Your task: Without including any pictures, copy every line below exactly.

Supplied information:
━━━━
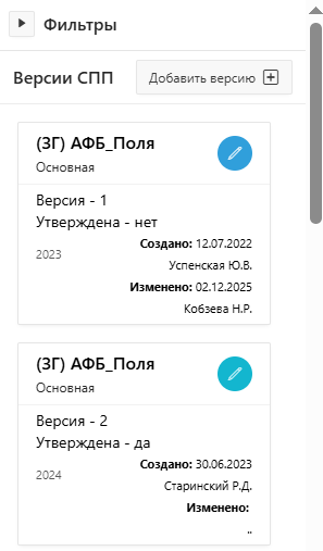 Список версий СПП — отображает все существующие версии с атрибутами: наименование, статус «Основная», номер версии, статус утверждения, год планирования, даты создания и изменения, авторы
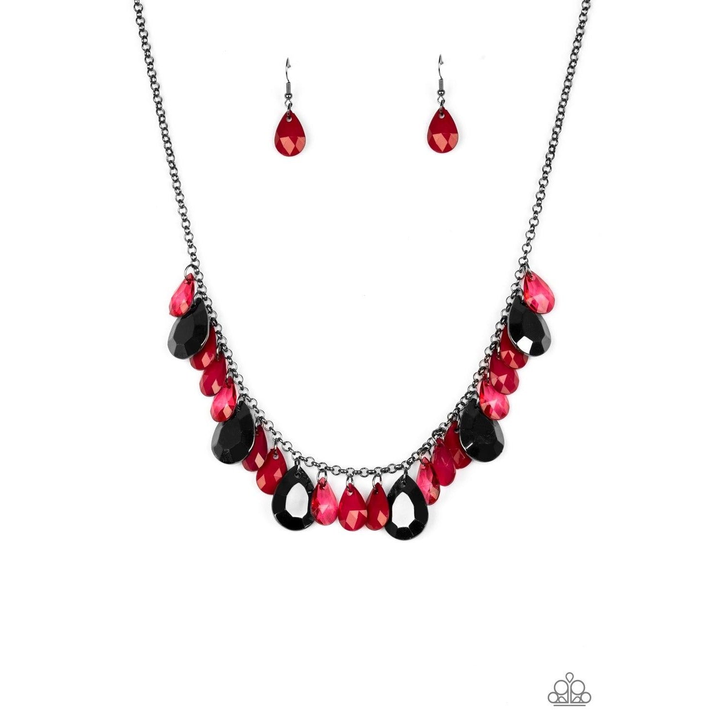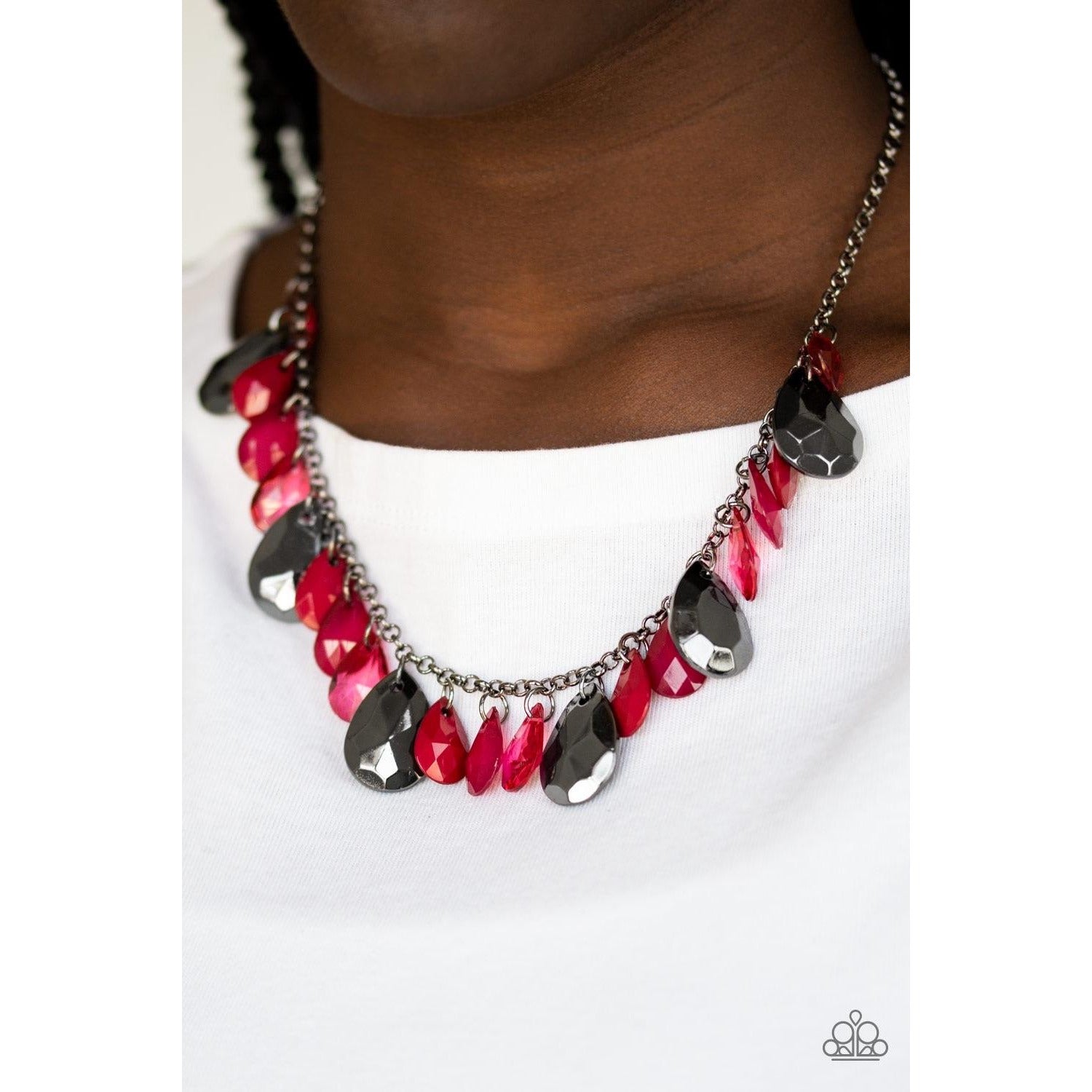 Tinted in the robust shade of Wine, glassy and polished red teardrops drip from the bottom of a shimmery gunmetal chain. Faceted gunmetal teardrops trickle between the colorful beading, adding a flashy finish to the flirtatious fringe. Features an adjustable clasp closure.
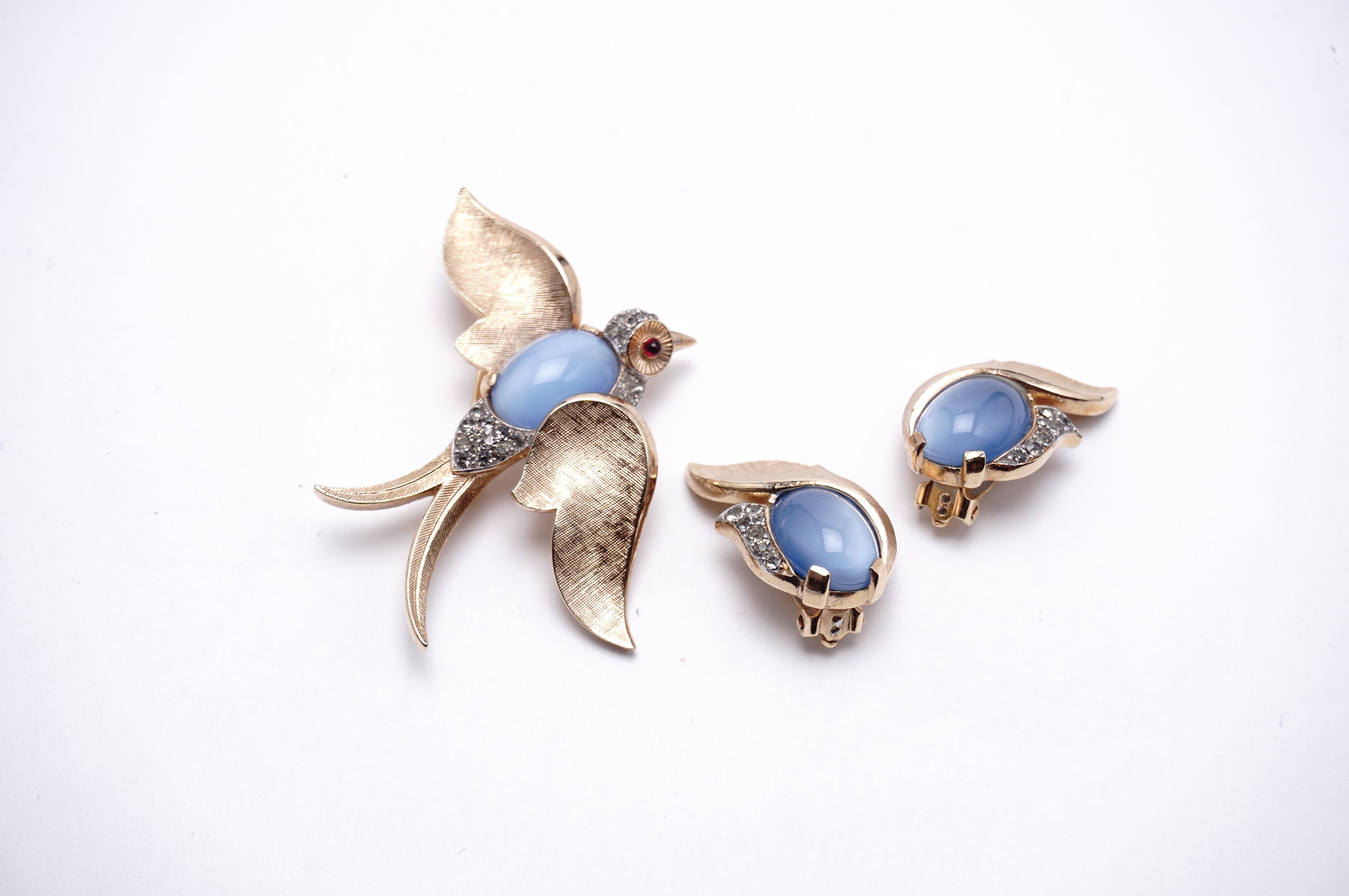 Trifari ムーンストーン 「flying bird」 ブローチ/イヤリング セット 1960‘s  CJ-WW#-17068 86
━━━━
Result below:
 Список версий СПП — отображает все существующие версии с атрибутами: наименование, статус «Основная», номер версии, статус утверждения, год планирования, даты создания и изменения, авторы
 Tinted in the robust shade of Wine, glassy and polished red teardrops drip from the bottom of a shimmery gunmetal chain. Faceted gunmetal teardrops trickle between the colorful beading, adding a flashy finish to the flirtatious fringe. Features an adjustable clasp closure.
 Trifari ムーンストーン 「flying bird」 ブローチ/イヤリング セット 1960‘s  CJ-WW#-17068 86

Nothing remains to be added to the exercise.